Fairly is a tool to help tech workers living in Portugal know if they're being paid fairly. Fairly models the probabilistic distribution of the annual gross salary conditioned on several input features such as the job, years of experience and the company's country location. The app then allows new users to specify their charateristics and understand how they are positioned within the conditional distribution. Fairly is being developed in the context of the Landing.Jobs Data Challenge which aims to generate knowledge based on the Tech Careers Report 2021.

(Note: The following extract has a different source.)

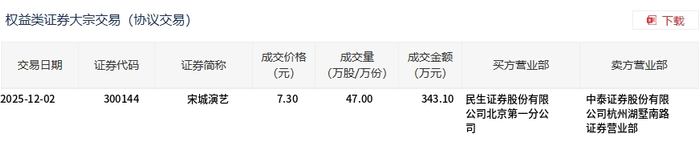 | 权益类证券大宗交易(协议交易) | | --- | | 交易日期 | 证券代码 | 证券简称 | 成交价格 (元) | 成交量 (万股/万份) | 成交金额 (万元) | 买方营业部 | 卖方营业部 | | --- | --- | --- | --- | --- | --- | --- | --- | | 2025-12-02 | 300144 | 宋城演艺 | 7.30 | 47.00 | | 343.10 民生证券股份有限 | 中泰证券股份有限 | | | | | | | | 公司北京第一分公 | 公司杭州湖暨南路 | | | | | | | | 리 | 证券营业部 | 12月2日,宋城演艺大宗交易成交47万股,成交额343.1万元,占当日总成交额的1.61%,成交价7.3元, 较市场收盘价8.07元折价9.54%。 ...

- ML Stack: Data processing and transformers are implemented using
numpy
,pandas
, andscikit-learn
. The models are developed usingngboost
andscipy
. Model analysis is done usingshap
and the visualizations are built withaltair
. - Ops Stack: The web app is developed using
streamlit
and the data collection usespostgresql
. Both are hosted onheroku
.
The data used in this project comes from the Tech Careers Report 2021 which gathered more than 3000 answers from tech workers in Portugal. The report collected more than 100 variables but not all of these are relevant for answering the question: "Are you paid fairly?". Adding to this the fact that when the app is deployed the objective is for it to be easy for users to get their answer, this makes it important to find the right balance between data exhaustiveness and model performance. Given this, there are three main reasons why features were discarded:
- Ethical: Gender, age and citizenship were disconsidered since, in my definition of fairness, payment should be equal regardless of these.

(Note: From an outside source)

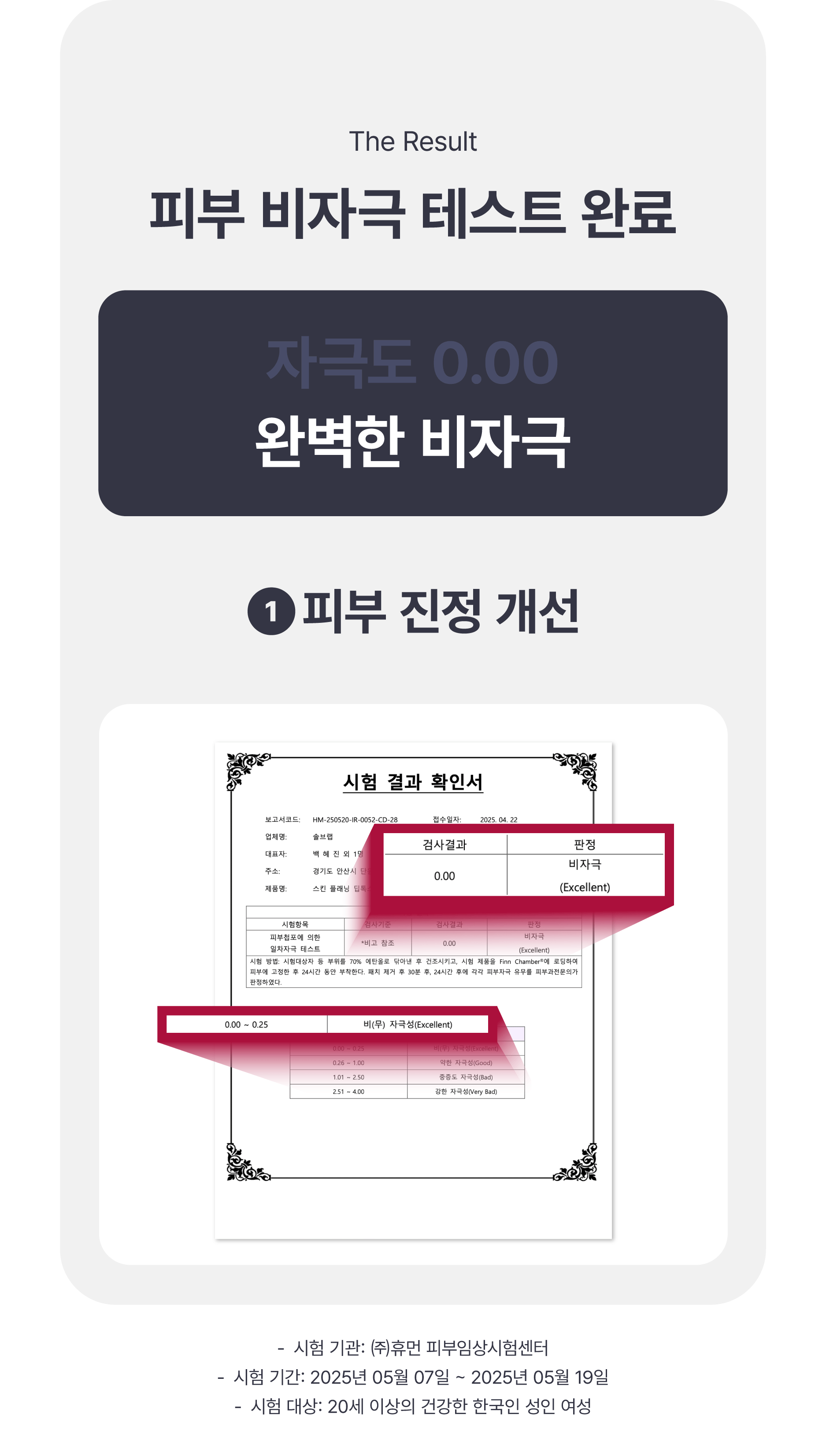 1. 화장품 사용  또는 사용  직사광선에 의하여 사용부위가 붉은반점부어오름 또는 가려움증 등의 이상증상이나 부작용이 있는 경우에는 전문의 등과 상담할

- Non-causality: These are features that may or may not improve model performance but have no causal relation to determine if the user is paid fairly. Examples include the feature: "Are you thinking about changing jobs in the next 12 months?". It may be that this feature helps predict the salary, as in underpaid workers may be more keen to change jobs or perhaps overpaid workers are more ambitious. But here the causal relationship is opposite, it's the salary that is affecting the feature, and so it doesn't help us answer if the worker is paid fairly or not. Other examples include questions like what most motivates workers and the importance they give to specific job perks.

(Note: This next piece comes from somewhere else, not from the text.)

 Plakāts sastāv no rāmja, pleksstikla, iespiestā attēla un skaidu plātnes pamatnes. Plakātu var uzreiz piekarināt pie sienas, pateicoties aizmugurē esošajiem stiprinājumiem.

- Non-relevance: Opposite to the previous, certain features may have a plausible causal relation with our question but the data shows they are not relevant. Examples include the size of the company and the languages and frameworks the worker knows. These features may not be relevant because the information they provide is already contained in other features. For example, the size of the company may also be explained already by the organisation type (start-up, scale-up, corporate, etc.) while the languages and frameworks should be strongly correlated with the job type (Data Scientist, Backend Dev, etc.).
After this selection the final features used to train the model are:
Working Experience
, English Level
, Residence District
, Education Level
, Company Country
, Company Type
, Employment Status
, Job Role
.
The first two were ordinally encoded and the latter were one-hot encoded.
Fairly models the probabilistic distribution of the gross annual salary conditioned on the input features. With a deterministic model we could only say if the user is paid more or less than the average of the population with its profile. But given the natural variance in the data this wouldn't be very informative, you may be paid more or less because of some variables we're not conditioning on or simply due to the aleatoric uncertainty in the data. But by modelling the full conditional distribution we enable questions such as: "Is my salary lower than 90% of the population with the same profile?". These are empowering questions that can help users know if they're paid fairly.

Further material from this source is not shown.